::: Input data

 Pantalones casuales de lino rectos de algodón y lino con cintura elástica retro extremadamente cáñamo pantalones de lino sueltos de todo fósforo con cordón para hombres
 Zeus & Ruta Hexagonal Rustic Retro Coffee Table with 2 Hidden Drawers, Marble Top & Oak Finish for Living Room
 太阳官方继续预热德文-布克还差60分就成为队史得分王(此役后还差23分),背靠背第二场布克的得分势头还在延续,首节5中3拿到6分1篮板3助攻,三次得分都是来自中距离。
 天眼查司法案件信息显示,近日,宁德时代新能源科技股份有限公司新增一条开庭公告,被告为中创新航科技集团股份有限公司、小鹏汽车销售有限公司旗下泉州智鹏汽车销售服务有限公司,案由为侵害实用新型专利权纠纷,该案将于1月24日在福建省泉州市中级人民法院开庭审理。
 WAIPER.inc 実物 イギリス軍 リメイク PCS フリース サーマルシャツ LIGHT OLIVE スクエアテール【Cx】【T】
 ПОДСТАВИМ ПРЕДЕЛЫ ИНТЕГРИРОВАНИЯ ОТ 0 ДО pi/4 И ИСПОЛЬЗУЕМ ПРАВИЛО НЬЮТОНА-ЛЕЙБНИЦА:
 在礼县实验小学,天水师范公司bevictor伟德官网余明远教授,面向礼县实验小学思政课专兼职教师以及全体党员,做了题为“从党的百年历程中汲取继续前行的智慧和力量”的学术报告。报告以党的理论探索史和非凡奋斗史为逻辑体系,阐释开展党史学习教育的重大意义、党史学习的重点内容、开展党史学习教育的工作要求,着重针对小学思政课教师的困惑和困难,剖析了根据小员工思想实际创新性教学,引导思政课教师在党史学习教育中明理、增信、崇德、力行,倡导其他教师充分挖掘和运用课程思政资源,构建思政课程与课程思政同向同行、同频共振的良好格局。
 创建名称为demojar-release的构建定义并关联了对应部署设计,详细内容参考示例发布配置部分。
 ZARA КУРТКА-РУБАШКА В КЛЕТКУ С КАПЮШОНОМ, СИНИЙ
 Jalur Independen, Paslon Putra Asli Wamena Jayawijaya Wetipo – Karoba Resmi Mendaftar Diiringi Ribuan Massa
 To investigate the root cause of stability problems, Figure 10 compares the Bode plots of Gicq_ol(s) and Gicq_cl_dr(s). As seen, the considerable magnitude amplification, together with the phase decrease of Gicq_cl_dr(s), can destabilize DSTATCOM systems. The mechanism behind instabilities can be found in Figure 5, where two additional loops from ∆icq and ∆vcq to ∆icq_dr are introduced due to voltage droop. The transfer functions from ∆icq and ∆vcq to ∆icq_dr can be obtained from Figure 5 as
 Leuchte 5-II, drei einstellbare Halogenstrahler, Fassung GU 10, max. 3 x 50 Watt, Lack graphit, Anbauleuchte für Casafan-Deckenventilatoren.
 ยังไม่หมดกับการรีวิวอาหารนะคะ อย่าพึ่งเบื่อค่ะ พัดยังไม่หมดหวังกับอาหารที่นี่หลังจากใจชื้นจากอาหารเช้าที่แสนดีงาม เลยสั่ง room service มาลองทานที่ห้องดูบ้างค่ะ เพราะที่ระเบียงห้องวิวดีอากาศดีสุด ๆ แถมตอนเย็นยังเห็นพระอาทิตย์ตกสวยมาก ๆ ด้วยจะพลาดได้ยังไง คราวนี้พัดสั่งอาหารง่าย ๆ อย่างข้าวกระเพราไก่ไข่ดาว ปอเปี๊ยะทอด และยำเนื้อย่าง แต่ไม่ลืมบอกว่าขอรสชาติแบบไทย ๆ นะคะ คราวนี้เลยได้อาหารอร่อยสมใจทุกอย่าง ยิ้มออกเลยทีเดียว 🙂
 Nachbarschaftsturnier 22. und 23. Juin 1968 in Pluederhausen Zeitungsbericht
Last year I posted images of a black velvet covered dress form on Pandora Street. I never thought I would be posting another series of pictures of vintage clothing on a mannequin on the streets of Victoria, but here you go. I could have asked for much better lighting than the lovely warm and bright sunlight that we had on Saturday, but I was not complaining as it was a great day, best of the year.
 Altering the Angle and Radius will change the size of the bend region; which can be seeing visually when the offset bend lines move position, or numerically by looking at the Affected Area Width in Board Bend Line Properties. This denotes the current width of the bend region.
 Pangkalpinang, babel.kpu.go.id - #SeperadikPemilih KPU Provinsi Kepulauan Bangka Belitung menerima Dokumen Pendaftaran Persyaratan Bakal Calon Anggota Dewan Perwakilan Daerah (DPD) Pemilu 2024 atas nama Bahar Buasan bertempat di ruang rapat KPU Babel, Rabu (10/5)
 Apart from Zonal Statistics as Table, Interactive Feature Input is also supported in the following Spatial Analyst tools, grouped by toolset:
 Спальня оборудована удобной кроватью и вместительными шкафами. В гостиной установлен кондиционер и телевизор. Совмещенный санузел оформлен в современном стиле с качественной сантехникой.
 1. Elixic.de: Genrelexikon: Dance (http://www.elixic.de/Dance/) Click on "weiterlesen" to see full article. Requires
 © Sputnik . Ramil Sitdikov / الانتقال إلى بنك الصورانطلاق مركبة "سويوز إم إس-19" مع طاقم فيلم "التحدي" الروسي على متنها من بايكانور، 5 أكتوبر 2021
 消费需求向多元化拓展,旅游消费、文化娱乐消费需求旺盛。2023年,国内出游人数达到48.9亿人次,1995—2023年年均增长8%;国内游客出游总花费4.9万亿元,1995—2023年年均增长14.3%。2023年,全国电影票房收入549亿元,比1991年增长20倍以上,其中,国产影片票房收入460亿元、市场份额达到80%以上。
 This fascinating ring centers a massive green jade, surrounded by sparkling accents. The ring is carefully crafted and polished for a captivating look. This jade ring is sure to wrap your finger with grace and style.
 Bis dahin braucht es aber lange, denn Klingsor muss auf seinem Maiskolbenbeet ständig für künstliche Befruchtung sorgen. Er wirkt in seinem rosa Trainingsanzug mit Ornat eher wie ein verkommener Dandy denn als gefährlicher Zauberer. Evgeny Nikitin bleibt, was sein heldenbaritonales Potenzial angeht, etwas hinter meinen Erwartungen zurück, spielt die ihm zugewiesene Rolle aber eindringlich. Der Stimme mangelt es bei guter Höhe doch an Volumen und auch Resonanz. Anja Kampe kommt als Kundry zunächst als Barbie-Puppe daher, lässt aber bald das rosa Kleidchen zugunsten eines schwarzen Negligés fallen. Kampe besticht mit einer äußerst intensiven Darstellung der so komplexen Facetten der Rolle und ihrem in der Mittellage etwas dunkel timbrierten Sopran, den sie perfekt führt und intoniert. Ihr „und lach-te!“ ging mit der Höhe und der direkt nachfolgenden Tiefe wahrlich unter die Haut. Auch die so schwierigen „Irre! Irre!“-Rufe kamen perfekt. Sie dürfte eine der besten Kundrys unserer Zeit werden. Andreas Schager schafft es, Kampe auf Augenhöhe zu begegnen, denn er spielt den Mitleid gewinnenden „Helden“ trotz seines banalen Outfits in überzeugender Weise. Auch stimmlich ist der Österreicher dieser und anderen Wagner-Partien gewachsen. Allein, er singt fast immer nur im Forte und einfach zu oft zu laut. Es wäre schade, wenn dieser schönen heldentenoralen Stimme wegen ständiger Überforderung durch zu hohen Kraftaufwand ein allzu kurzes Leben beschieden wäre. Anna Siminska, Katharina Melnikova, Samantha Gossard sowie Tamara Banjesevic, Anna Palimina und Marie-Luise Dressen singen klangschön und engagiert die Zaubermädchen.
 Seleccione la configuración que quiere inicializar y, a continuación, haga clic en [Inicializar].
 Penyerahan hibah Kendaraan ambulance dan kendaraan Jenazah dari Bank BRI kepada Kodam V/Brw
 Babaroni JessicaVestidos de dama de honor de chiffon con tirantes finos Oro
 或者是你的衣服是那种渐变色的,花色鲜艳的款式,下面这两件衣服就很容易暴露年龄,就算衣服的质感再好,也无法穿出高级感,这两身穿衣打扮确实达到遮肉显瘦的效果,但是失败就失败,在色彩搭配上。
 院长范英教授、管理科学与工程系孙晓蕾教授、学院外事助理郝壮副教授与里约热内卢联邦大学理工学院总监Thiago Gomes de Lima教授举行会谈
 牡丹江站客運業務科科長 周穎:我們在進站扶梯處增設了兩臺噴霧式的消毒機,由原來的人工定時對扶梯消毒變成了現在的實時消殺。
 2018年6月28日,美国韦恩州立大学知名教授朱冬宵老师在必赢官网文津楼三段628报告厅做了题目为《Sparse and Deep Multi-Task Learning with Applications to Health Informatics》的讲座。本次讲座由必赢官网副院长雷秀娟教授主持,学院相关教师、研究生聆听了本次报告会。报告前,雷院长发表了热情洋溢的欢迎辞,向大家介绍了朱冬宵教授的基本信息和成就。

::::::

:: Required work ::
Check the lines above and copy each one that includes "Table".

:: Response area ::
 Zeus & Ruta Hexagonal Rustic Retro Coffee Table with 2 Hidden Drawers, Marble Top & Oak Finish for Living Room
 Apart from Zonal Statistics as Table, Interactive Feature Input is also supported in the following Spatial Analyst tools, grouped by toolset:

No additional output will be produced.